Namun, membangun citra tubuh untuk jadi positif bukanlah pekerjaan mudah, terutama jika kita terbiasa menerima penghinaan tersebut sejak kecil.
“Setiap perilaku bully akan meninggalkan jejak di memori. Dan, itu tidak mudah untuk dilupakan. Jadi, lebih baik untuk memperkuat mental diri sendiri,” jelas Dr. Andreas Kurniawan, psikiater di Rumah Sakit Gading Pluit, Jakarta.
Jangan Dikasih Spotlight
Wajar rasanya, kita marah dengan pelaku body shamming.
Tapi, menurut Andreas, jika pelaku diberikan “panggung” maka ia akan semakin senang, karena ia berhasil mendapat perhatian dari si korban.

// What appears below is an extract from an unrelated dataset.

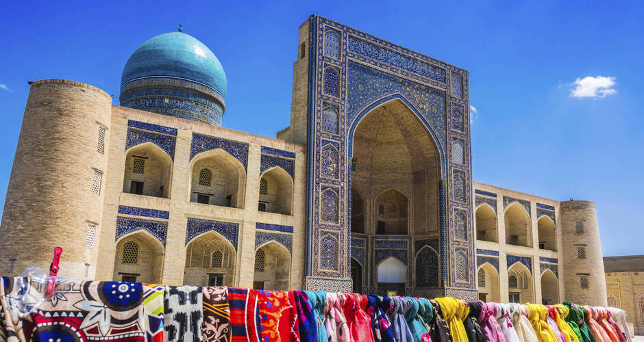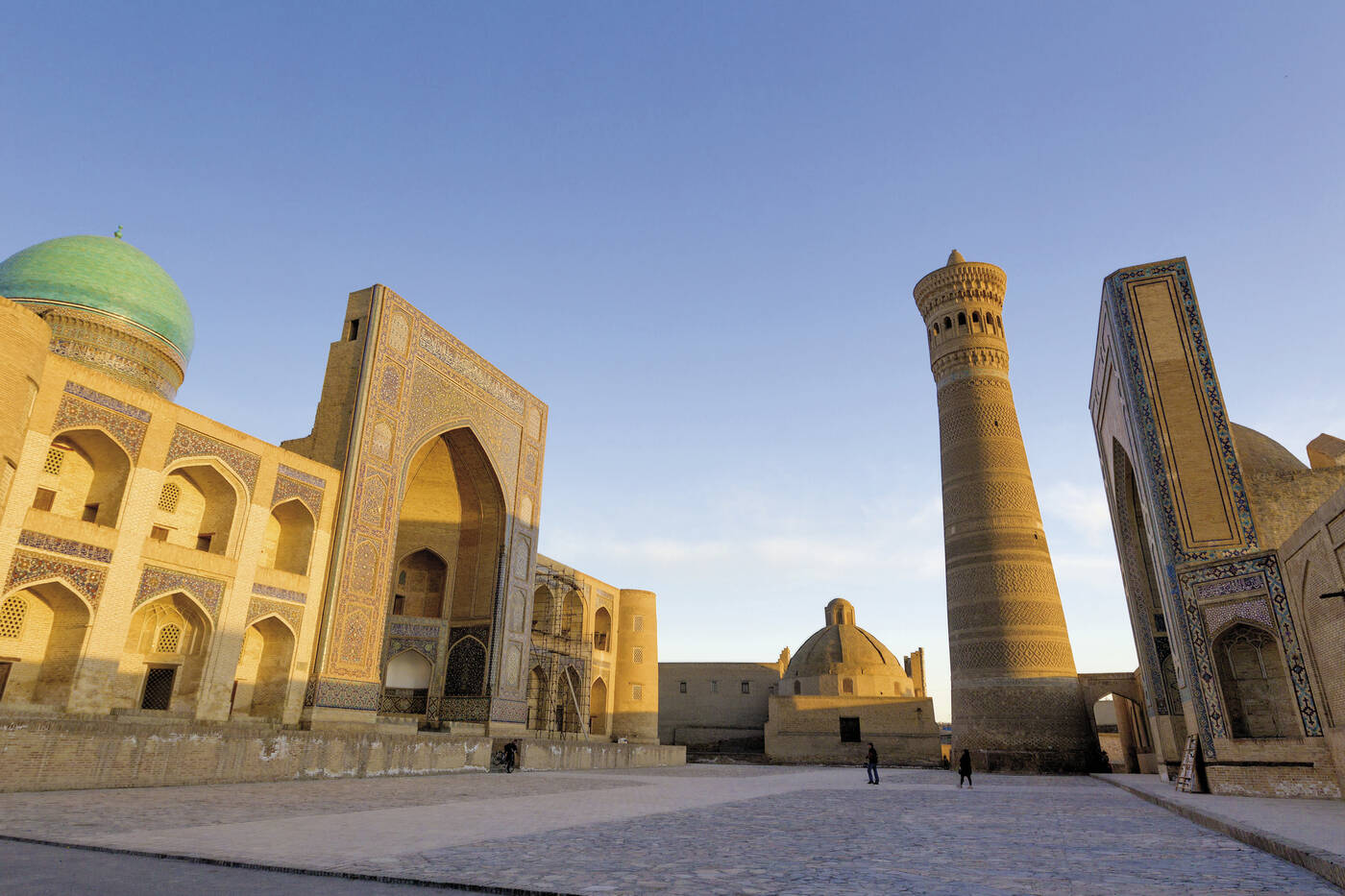 Legendär reich war einst die Oasenstadt Buchara, ein wichtiger Knotenpunkt an der Seidenstraße, Sitz des eleganten Samanidenhofes und Zentrum des Islams in Zentralasien. Noch heute schimmern die Kuppeln blau und glänzen die Fassaden der Medresen und Moscheen. Die Altstadt Bucharas ist intakt und das Leben nimmt in den Gassen zwischen den Lehmhäusern seinen gemächlichen Gang. Den Vormittag über besichtigen Sie die Zitadelle Ark, einst Regierungssitz und Palast der Herrscher von Buchara. Danach besuchen Sie das Mausoleum Chaschma Ayub und das berühmte Samaniden-Mausoleum, in einer schönen Parkanlage gelegen. Außerdem besuchen Sie den Labi Hauz-Komplex, die historischen Marktkuppelbauten, die Medresse Ulugbek aus dem 15. Jhd. und schließlich den Poikalon-Komplex mit dem berühmten, 46 m hohen Minarett Kalon, dem Wahrzeichen Bucharas. Abendessen mit dem lokal typischen Puppentheater oder Folklore, vorbehaltlich Rückbestätigung.

“Kalau kita bicara perilaku, pelaku itu akan senang saat korbannya reactive, misalnya korban marah, nangis, lapor ke orang-orang. Nah, reaksi ini menjadi feedback positive ke pelakunya,” jelas Andreas.

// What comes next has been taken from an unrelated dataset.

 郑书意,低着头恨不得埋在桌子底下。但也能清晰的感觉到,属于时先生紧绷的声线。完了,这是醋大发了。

Oleh karena itu, Andreas menyarankan untuk tidak memberikan apa yang diinginkan oleh pelaku.
Misalnya, seseorang berkomentar buruk pada bentuk tubuh Anda sampai membuat Anda ingin marah dan menumpahkannya pada si pelaku.
Amarah yang ditunjukkan oleh Anda tersebut, merupakan emosi yang diinginkan oleh si pelaku. “Jadi, diemin saja, anggap itu enggak ada. Tapi, kalau di-bully secara fisik, itu kita boleh melawan,” pungkasnya.
Meski begitu, jika pelaku bully melakukan tindakan body shaming terhadap Anda di publik, lebih baik Anda menegurnya secara diam-diam, sehingga dia tidak memiliki ruang untuk menjadi spotlight di publik.